Again using the Block Groups as a proxy for a “Community,” the ACS data were chosen to gain an understanding of the “Household” economic condition within the communities.  These variables are predominantly measures by household instead of individual, with the exception being persons living between 100%–200% of Federal Poverty Level.
     
Through the research we found that many of these variables are calculated and combined in several other federal initiatives. The USDA Food Access program, for example, uses median income to determine “low-income neighborhoods,” and the US Department of Housing and Urban Development uses the ratio of poverty to income to classify household types.
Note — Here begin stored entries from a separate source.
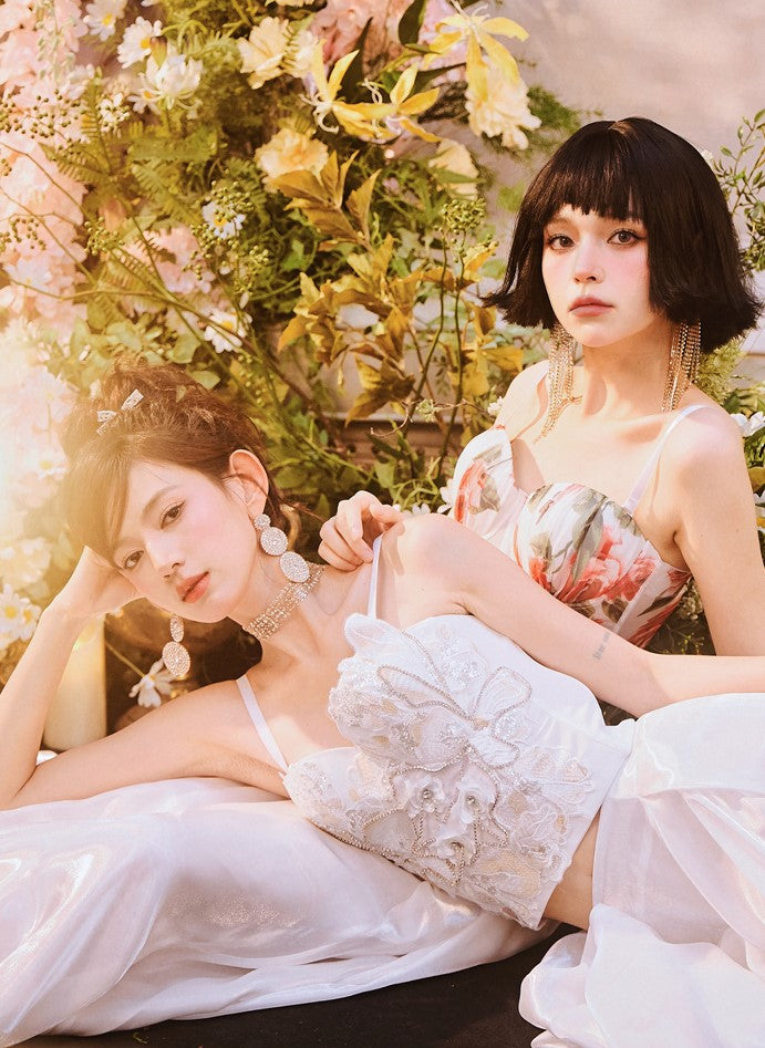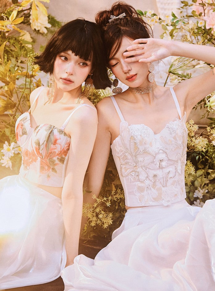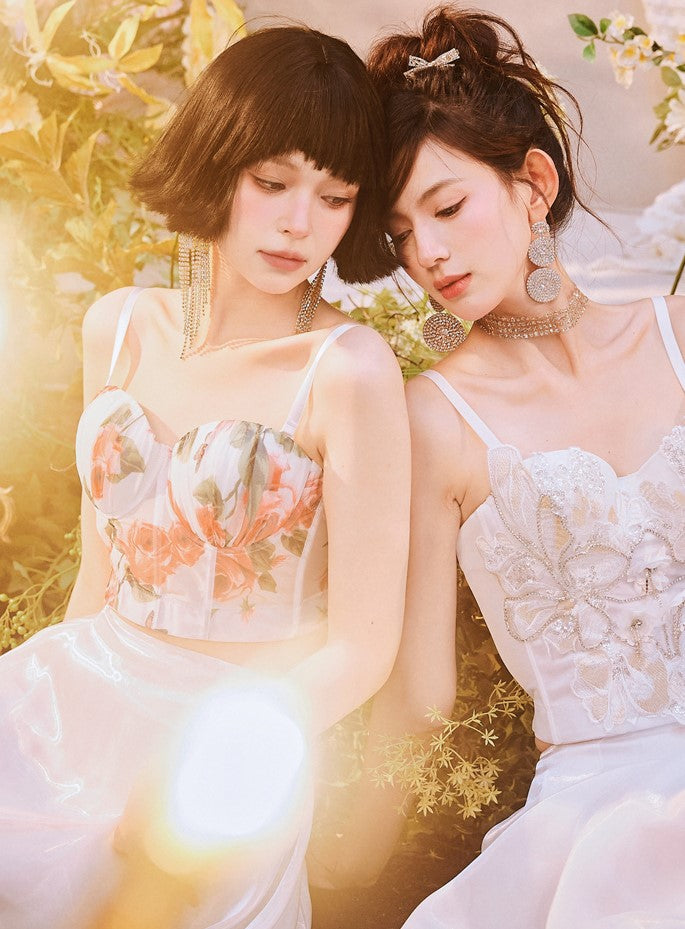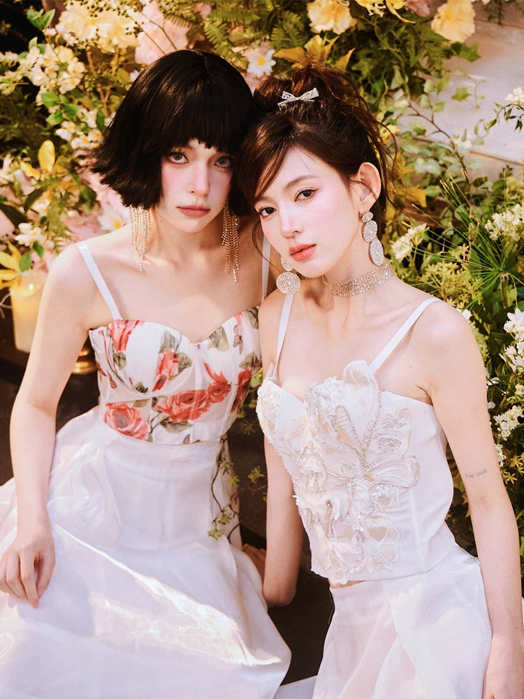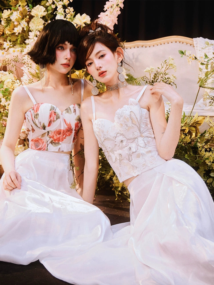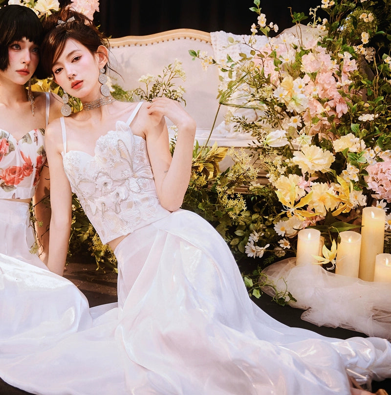 DOLLY Elegant White Natural Waist Flower Bud Long Chic Skirt-CYNTHIA (V)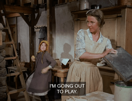 This is actually the start of a montage of Mary studying and doing her chores, which include fetching water from the creek and muckin’ the auld byre.
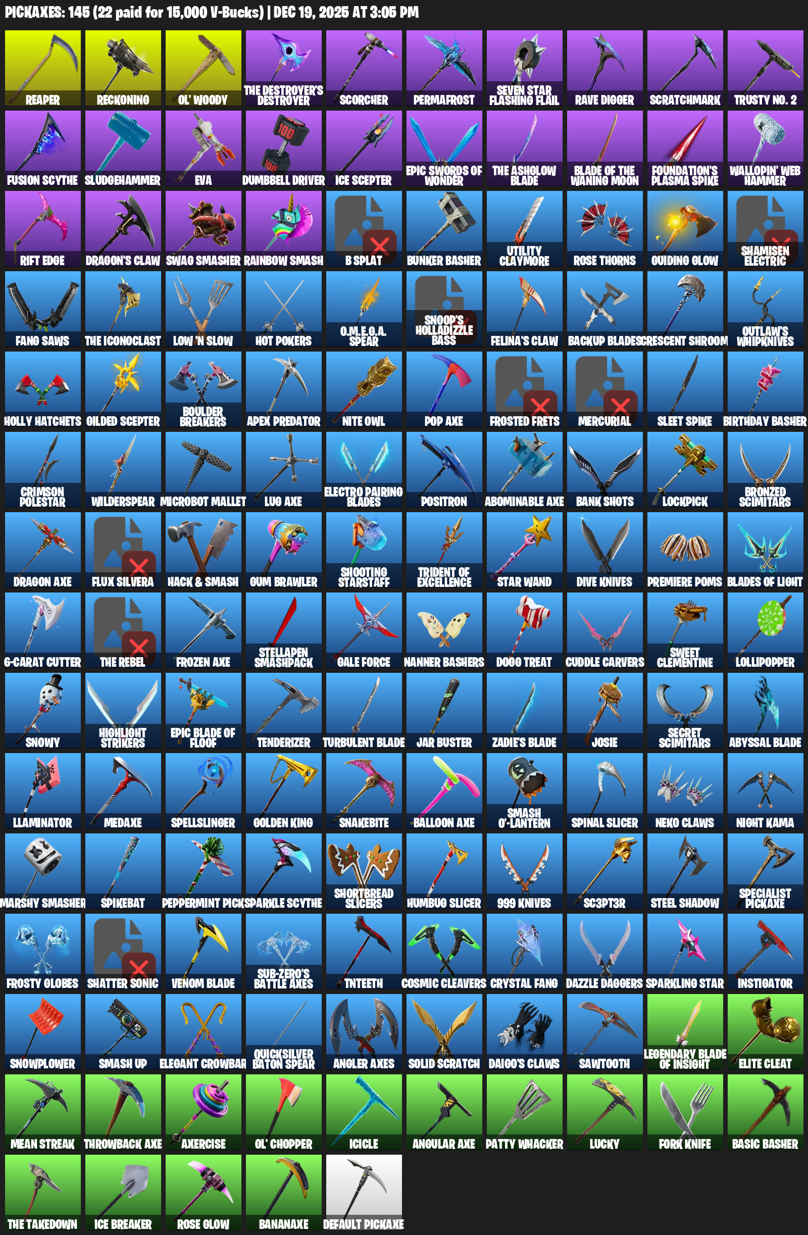 Reckoning, Ol’ Woody, Scorcher, Permafrost, Seven Star Flashing Flail, Rave Digger, Scratchmark, Trusty No. 2, Sludgehammer, EVA, Dumbbell Driver, Ice Scepter, Foundation’s Plasma Spike, Wallopin’ Web Hammer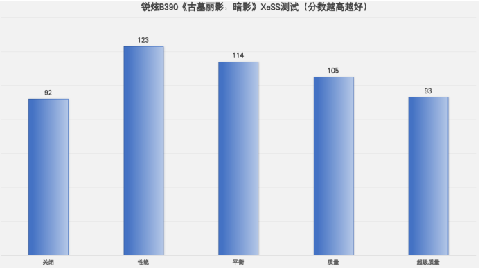 對銳炫B390的XeSS進(jìn)行了測試,在《古墓麗影:暗影》1080P分辨率、高畫質(zhì)設(shè)定下,開啟XeSS的性能模式能夠帶來約34%的幀數(shù)提升。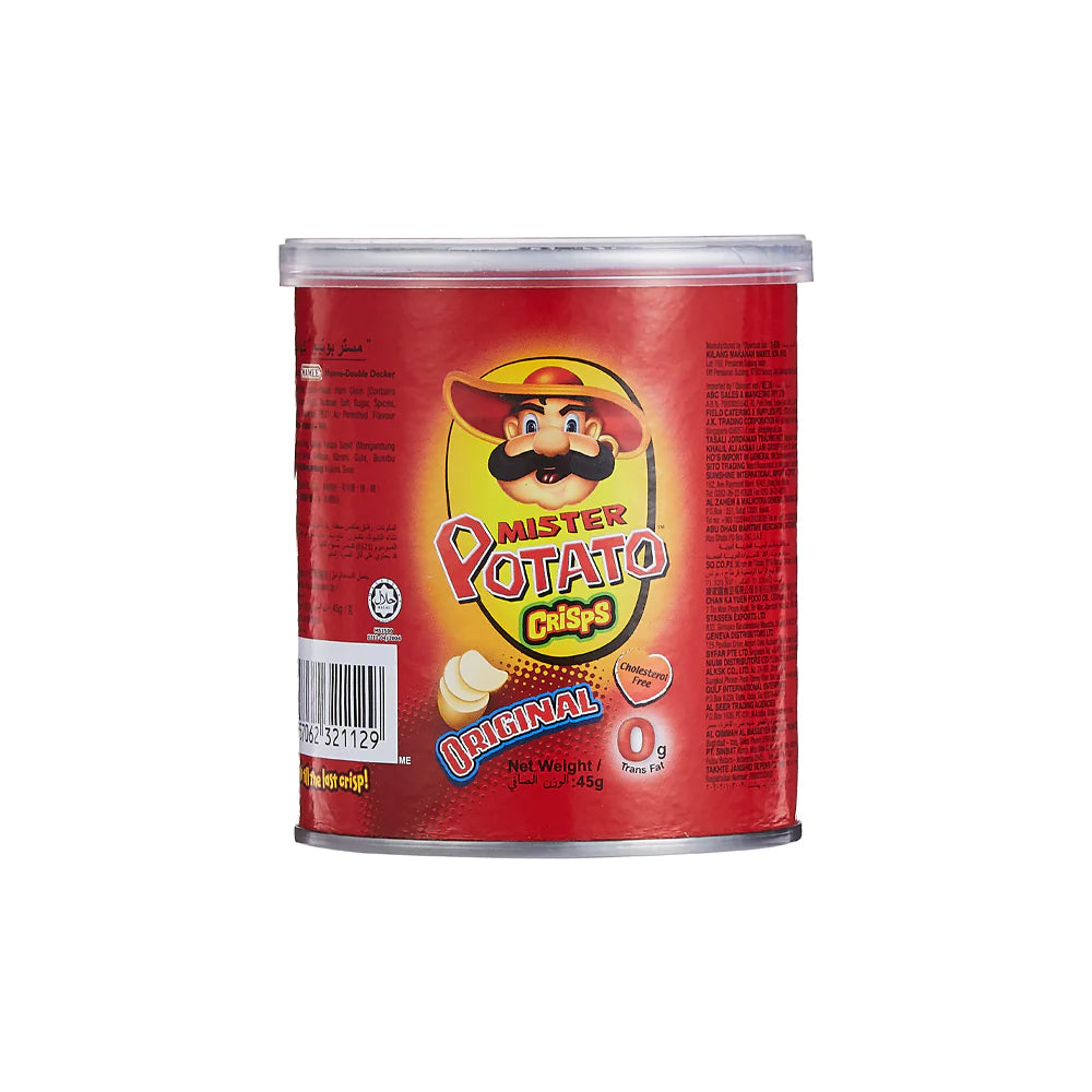 Mister Potato Crisps Original 45g: The timeless classic in a perfectly snack-sized package! Enjoy the pure, unadulterated potato flavor and satisfying crunch of Mister Potato's Original Crisps in this convenient 45g pack. A classic snack that never goes out of style.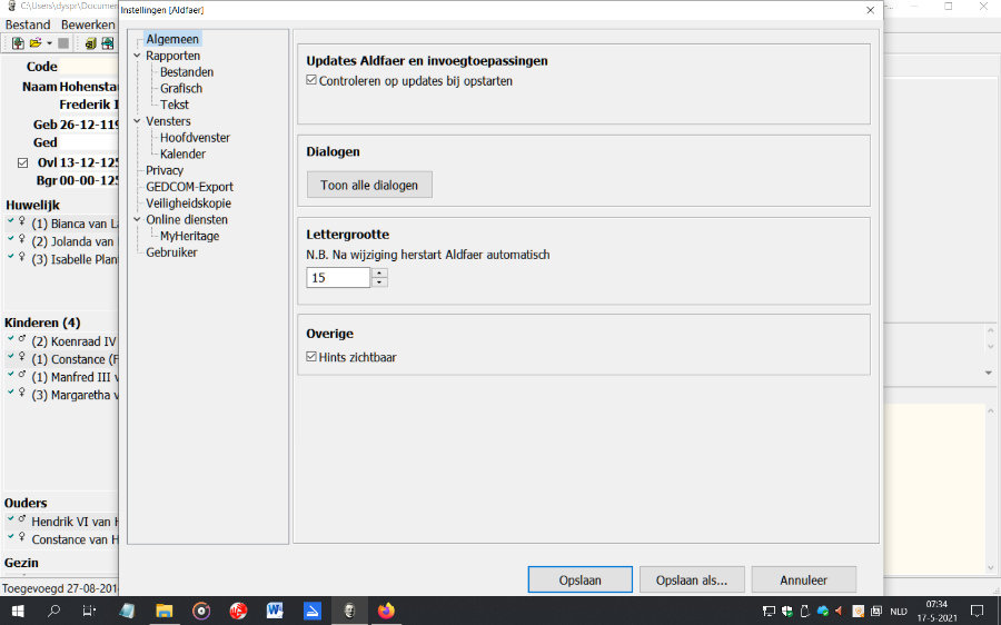 Ik vermoed dat u uw Windows schermresolutie op 150% heeft staan èn in Aldfaer de lettergrootte op 15. In dat geval passen de letters niet meer exact en wordt e.e.a. over elkaar geplakt.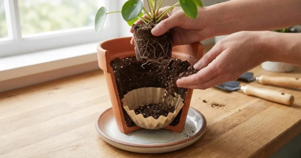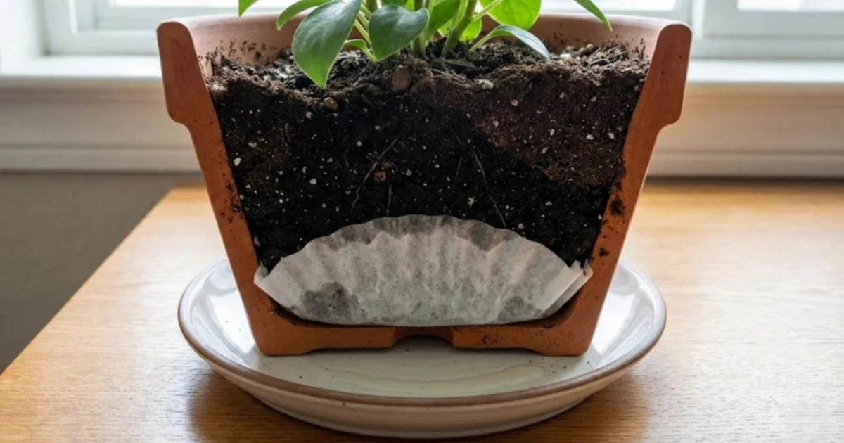 Filtro de café no vaso: solução simples e eficiente para drenagem e proteção do solo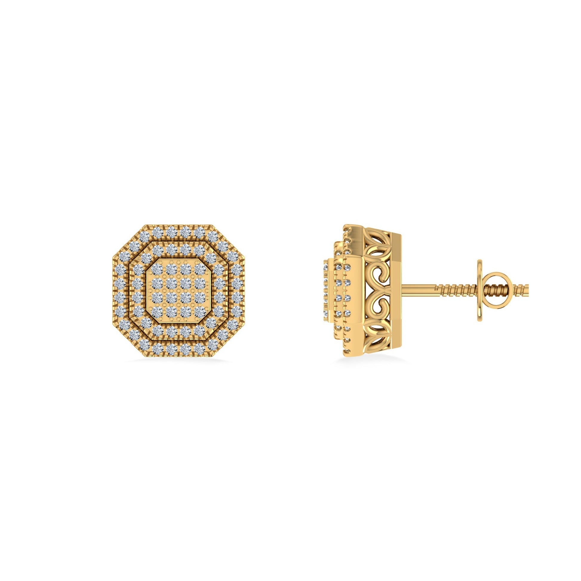 10K Yellow Gold Round Diamond Designer Halo Mens Stud Earring 1/5 Cttw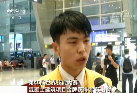 第45屆世界技能大賽混凝土建筑項(xiàng)目金牌獲得者 陳君輝:我們兩個(gè)也是第一次參加這個(gè)比賽,然后我們國(guó)家是第一次參加這個(gè)項(xiàng)目,對(duì)于很多東西,有很多默認(rèn)的潛規(guī)則,那些是我們不了解的,就是在這種情況下,我們?nèi)匀荒軌蚰玫焦谲姡@讓我覺(jué)得非常自豪。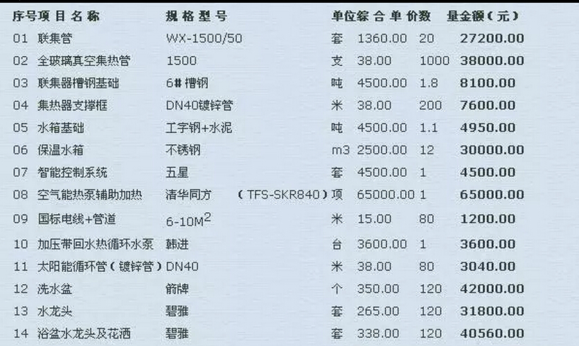 其中包括:聯(lián)集管(27200.00)、全玻璃真空集熱管(38000.00)、聯(lián)集器槽鋼基礎(chǔ)(8100.00)、集熱器支撐框(7600.00)、加壓帶回水熱循環(huán)水泵(3600.00)。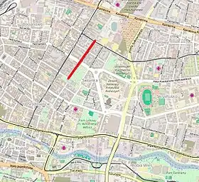Located in downtown district, the street unfolds on an approximate south–north axis, parallel to Gdańska street on the west and Staszica and Paderewskiego Streets on the east. The southern tip of the street (odd numbers till 9) faces the agreeable Jan Kochanowski Park.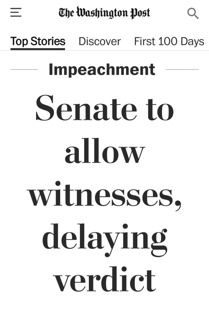 This post is, in part. an example of the power of media reports to enflame passions. I’d been thinking all along that it was a grave mistake for Democrats not to call witnesses. Every expert I admire felt the same way. I woke up late, to the notification of breaking news from Jeff Bezos and immediately had to update the post I began in the wee hours of last night/this morning: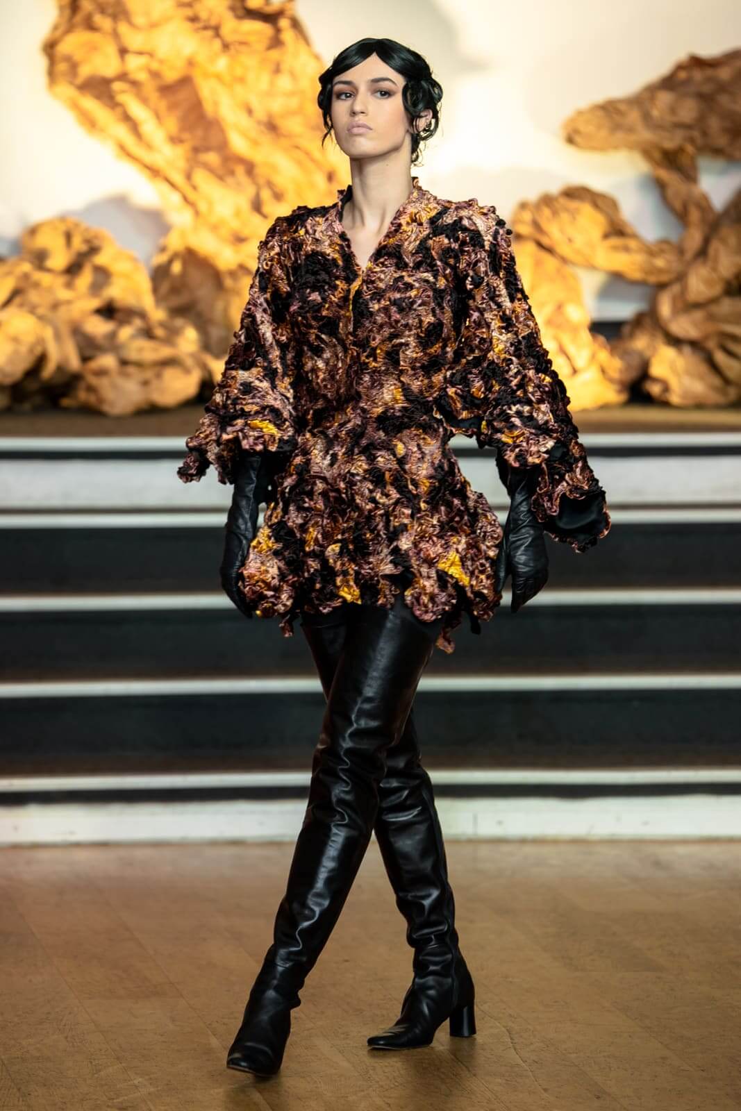 Stéphane Rolland, a French designer celebrated for his luxury creations, staged his show at the Champs-Élysées Theatre. Set to orchestral music, the collection featured striking silhouettes and elegant dresses, creating a flawless presentation.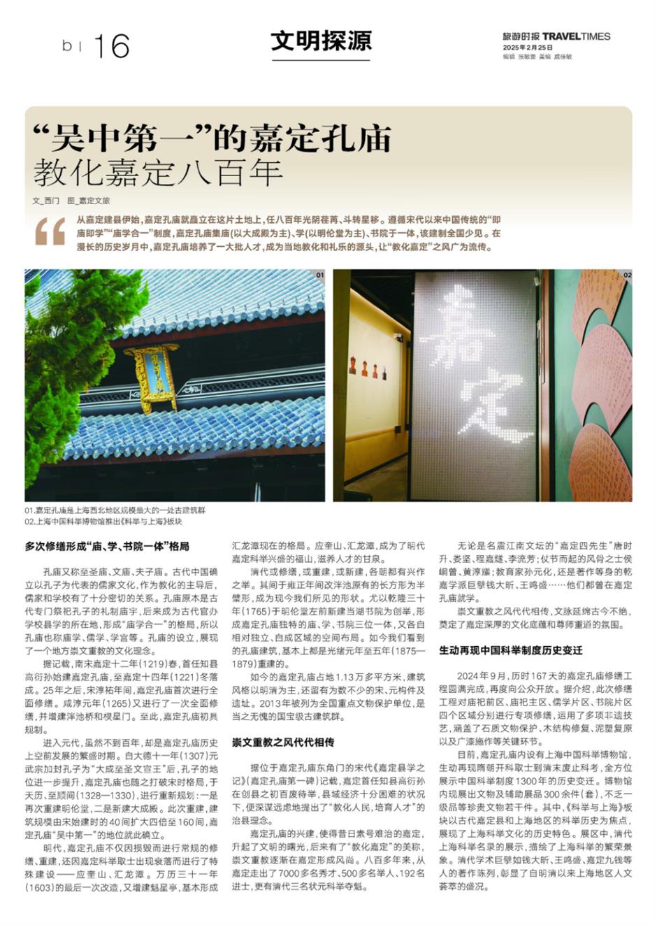2024年9月,歷時167天的嘉定孔廟修繕工程圓滿完成,再度向公眾開放。據介紹,此次修繕工程對廟祀前區、廟祀主區、儒學片區、書院片區四個區域分別進行專項修繕,運用了多項非遺技藝,涵蓋了石質文物保護、木結構修復、泥塑復原以及廣漆施作等關鍵環節。

The Wake County Economic Health Index is meant to compare the conditions within each community to better understand what type of financial constraints residents within that community may be facing. Two examples would be comparing median household income with the percentage of persons spending greater than 30% of income on rent (cost burden). Based on the median household income of Wake County (approx. $64,000) the percentage of persons determined to be between 100% and 200% (between $22,000 and $44,000, respectively) helps identify a “low to moderate” income population.
 
The Wake County Community Assessment for Economic Health contains the following socioeconomic and demographic variables:

  • Median Household Income: The median household income in the past 12 months

  • Food Stamps: Measured as a percentage of households in each block group

  • Rent as greater than 30% of Income: Gross rent as a percentage of household income

  • Home Mortgage as greater than 30% of Income: Mortgage status by owner cost as a percentage of household income

  • Persons living between 100%–200% of Federal Poverty Level: Ratio of income to poverty level for whom poverty status is determined between 100 and 200 percent.
 
Percentages were calculated for each factor by block group. The tabular information was then sorted from lowest to highest percentage and given a rank, with the exception of Median Household Income. Median Household Income was sorted highest to lowest, so that the higher median incomes were given a lower score.    
The scores and ranking are based on the total number of block groups in Wake County, 1–455. Once each factor was sorted and scored, the scores of each factor were added up to produce a total score. The total scores were then sorted and ranked, 1–455.
 
This methodology allows the user to gauge the economic impact of living in certain block groups throughout the county. The median household income in comparison to the ratio of poverty (200% and below are households earning less than $44,000 per year in Wake County) and the percent of households spending greater than 30% of family income (“cost burden” for mortgage or rent), can identify possible economic stress in those communities.